The court also rejected the defendants’ argument that the plaintiff could not prove that a safer alternate design existed, which was required under the applicable Texas law.  Id. at *8-*7.  The filter used to treat the plaintiff was a filter designed to be retrievable—that is to say, a physician could opt to remove the filter based on the individual patient’s condition and needs.  As a safer alternative, the plaintiff offered only filters designed to be implanted permanently, which are different products.  That should have been enough for the court to rule that the plaintiff had not offered an safer alternative design.  The court, however, found a triable issue of fact, mainly because the defendant had marketed the filter as both permanent and retrievable and also because the MDL had made a similar ruling in a prior case.  Id. at *7.

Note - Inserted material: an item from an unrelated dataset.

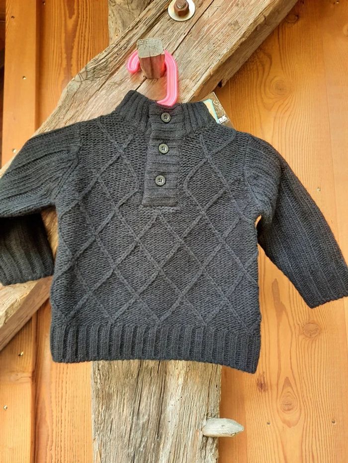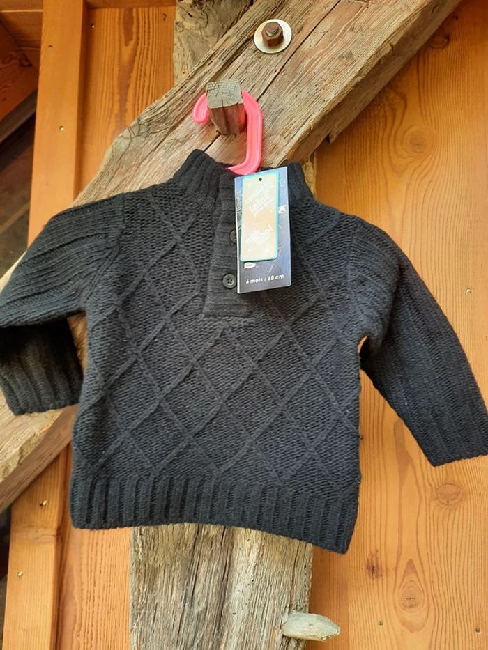 très beau pull en laine, noir, torsadé, orchestra, pour bébé garçon, 6 mois, neuf avec étiquette (il a été acheté avant que la carte club existe, donc le prix indiqué est bien le prix payé)

Which leads us to a third part of the order that piqued our interest.  Section 82.008(c) of the Texas Civil Practices and Remedies Code establishes a rebuttable presumption that a manufacturer is not liable for any injury to a plaintiff caused by a product if:  (1) the product was subject to pre-market licensing or approval by the federal government; (2) the manufacturer complied with all the applicable procedures and requirements; and (3) the federal government approved or licensed the product for sale after full consideration of the product’s risks and benefits.  Id. at *7.

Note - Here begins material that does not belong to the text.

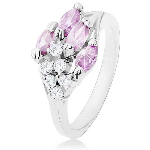 Nabídka pro vás: Lesklý prsten stříbrné barvy, fialová zrnka, kulaté čiré zirkony - Velikost: 55 značky Šperky Eshop za výhodnou cenu 195 CZK Kč. Zobrazit více »

Because the FDA cleared the device—i.e., licensed it for marketing—through the 510(k) process, the defendant was entitled to Section 82.008(c)’s presumption of non-liability.  The court, however, rejected the presumption based on the misperception that the 510(k) process does not focus on safety.  Id. at *8.  Other courts have made this mistake, and nearly all of them cite Medtronic v. Lohr, 518 U.S. 470, 478 (1996), which was outdated virtually since the day it was published.  As we have explained in detail, the 510(k) process very much focuses on product safety.  The defendant in Isaac should have received the benefit of Texas’ presumption.  Given the prevalence of preemption in design defect cases involving Class III medical devices, this holding has the effect of nullifying the Texas compliance presumption in medical device cases.  Either the claim is preempted, and the presumption is not necessary, or the presumption itself falls away.  Courts, particularly federal courts, should not be interpreting state statutes out of existence.

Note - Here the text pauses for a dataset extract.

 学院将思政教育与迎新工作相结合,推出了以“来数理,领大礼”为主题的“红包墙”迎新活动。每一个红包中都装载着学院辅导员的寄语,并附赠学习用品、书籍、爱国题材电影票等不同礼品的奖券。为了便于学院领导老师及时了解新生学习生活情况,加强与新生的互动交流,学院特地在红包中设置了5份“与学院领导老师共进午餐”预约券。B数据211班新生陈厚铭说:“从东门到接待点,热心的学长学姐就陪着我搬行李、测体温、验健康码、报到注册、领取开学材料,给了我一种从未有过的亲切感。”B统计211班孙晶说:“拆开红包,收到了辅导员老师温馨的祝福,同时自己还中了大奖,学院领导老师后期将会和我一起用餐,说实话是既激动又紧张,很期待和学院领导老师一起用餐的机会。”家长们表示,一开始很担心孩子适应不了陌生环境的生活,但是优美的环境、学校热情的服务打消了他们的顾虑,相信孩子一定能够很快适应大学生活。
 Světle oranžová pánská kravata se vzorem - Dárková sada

The court made other rulings.  It found that the plaintiff’s expert had raised a triable issue of fact on medical causation and future damages (Id. at *3-*5); it ruled that the plaintiff had presented evidence of negligent manufacturing through an expert stating that the plaintiff’s filter did not meet “performance specifications” (Id. at *7); it declined to apply Texas’ presumption of non-liability for products that comply with federal safety standards or regulations (Id. at *9); and the court applied Texas’ punitive damages law (which allows punitive damages) over Arizona law (which does not), ruling that the state where the plaintiff resided, was treated, and experienced her alleged injury (Texas) had a more significant relationship with the case than the state where the defendant resided and the product was designed and manufactured (Id. at *10).

So there you have it.  A beacon of light on the warnings claims, and not much to commend after that.  You might even call it a mixed bag (we made it all the way to the end before using that phrase).